Example of four different divergent color schemes. Color hex numbers are superimposed onto each palette.

Figure 4.12: Example of four different divergent color schemes. Color hex numbers are superimposed onto each palette.

Continuing with the last example, we now focus on the divergence of income values about the median value of $36,641. We use a brown hue for income values below the median and a green/blue hue for values above the median.

This map of household income uses a divergent color scheme where two different hues (brown and blue-green) are used for two sets of values separated by the median income of 36,641 dollars. Each hue is then split into three separate colors using decreasing lightness values away from the median.

Figure 4.13: This map of household income uses a divergent color scheme where two different hues (brown and blue-green) are used for two sets of values separated by the median income of 36,641 dollars.
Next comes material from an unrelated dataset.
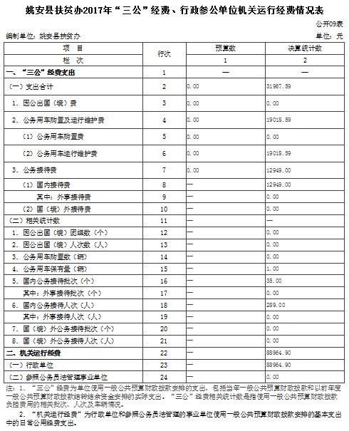 2017年度一般公共预算财政拨款“三公”经费支出预算为30000.00元,支出决算为32000.00元,完成预算的106.66%。其中:因公出国(境)费支出决算为0元,完成预算的0%;公务用车购置及运行费支出决算为19000.00元,完成预算的63.33%;公务接待费支出决算为13000.00元,完成预算的43.33%。2017年度一般公共预算财政拨款“三公”经费支出决算数大于预算数的主要原因是由于2017年是全县脱贫摘帽年,各类检查、验收频繁,加大了经费支出。
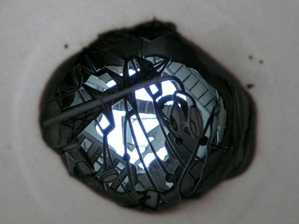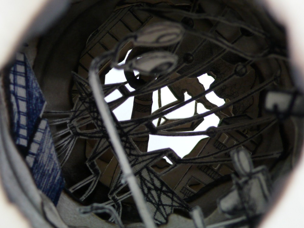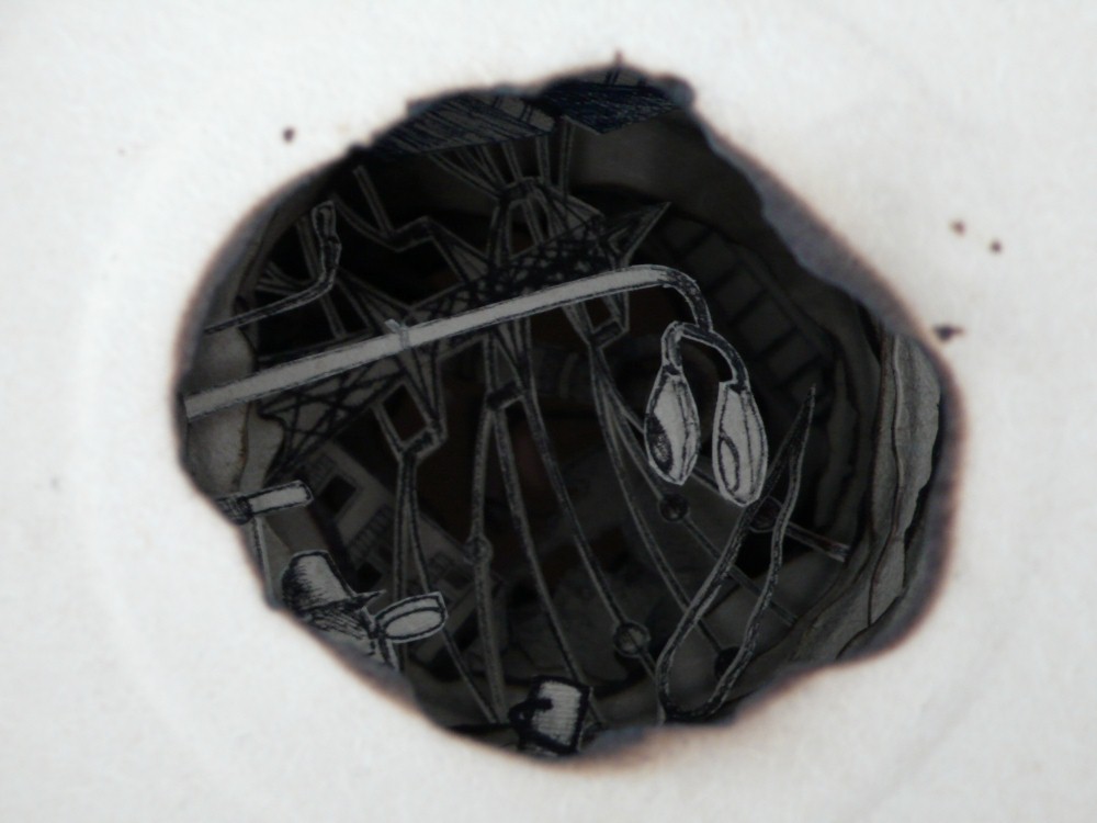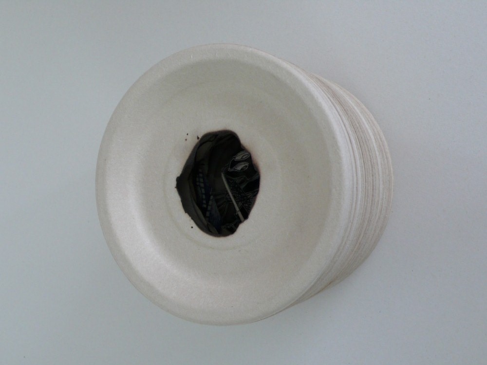 “Liat Livni’s Micro-City is made of a stack of paper plates which look like a ceramic vessel. She burned a circle inside the center of the plates and created what looks like the backdrop of a miniature city inside the recess, buried under the mound of plates, a poetic archaeology of a non-existent world”

Each hue is then split into three separate colors using decreasing lightness values away from the median.

4.4 So how do I find a proper color scheme for my data?

Fortunately, there is a wonderful online resource that will guide you through the process of picking a proper set of color swatches given the nature of your data (i.e. sequential, diverging, and qualitative) and the number of intervals (aka classes). The website is http://colorbrewer2.org/ and was developed by Cynthia Brewer et. al at the Pennsylvania State University.

You’ll note that the ColorBrewer website limits the total number of color swatches to 12 or less. There is a good reason for this in that our eyes can only associate so many different colors with value ranges/bins. Try matching 9 different shades of green in a map to the legend box swatches!

Additional features available on that website include choosing colorblind safe colors and color schemes that translate well into grayscale colors (useful if your work is to be published in journals that do not offer color prints).

4.5 Classification Intervals

You may have noticed the use of different classification breaks in the last two maps. For the sequential color scheme map, an equal interval classification scheme was used where the full range of values in the map are split equally into 7 intervals so that each color swatch covers an equal range of values. The divergent color scheme map adopts a quantile interval classification where each color swatch is represented an equal number of times across each polygon.

Using different classification intervals will result in different looking maps. In the following figure, three maps of household income (aggregated at the census tract level) are presented using different classification intervals: quantile, equal and Jenks. Note the different range of values covered by each color swatch.

The quantile interval scheme ensures that each color swatch is represented an equal number of times. If we have 20 polygons and 5 classes, the interval breaks will be such that each color is assigned to 4 different polygons.

The equal interval scheme breaks up the range of values into equal interval widths. If the polygon values range from 10,000 to 25,000 and we have 5 classes, the intervals will be [10,000 ; 13,000], [13,000 ; 16,000], …, [22,000 ; 25,000].

The Jenks interval scheme (aka natural breaks) uses an algorithm that identifies clusters in the dataset. The number of clusters is defined by the desired number of intervals.

It may help to view the breaks when superimposed on top of a distribution of the attribute data. In the following graphics the three classification intervals are superimposed on a histogram of the per-household income data. The histogram shows the distribution of values as “bins” where each bin represents a range of income values. The y-axis shows the frequency (or number of occurrences) for values in each bin.

Three different classification intervals used in the three maps. Note how each interval scheme encompasses different ranges of values (hence the reason all three maps look so different).

Figure 4.14: Three different classification intervals used in the three maps. Note how each interval scheme encompasses different ranges of values (hence the reason all three maps look so different).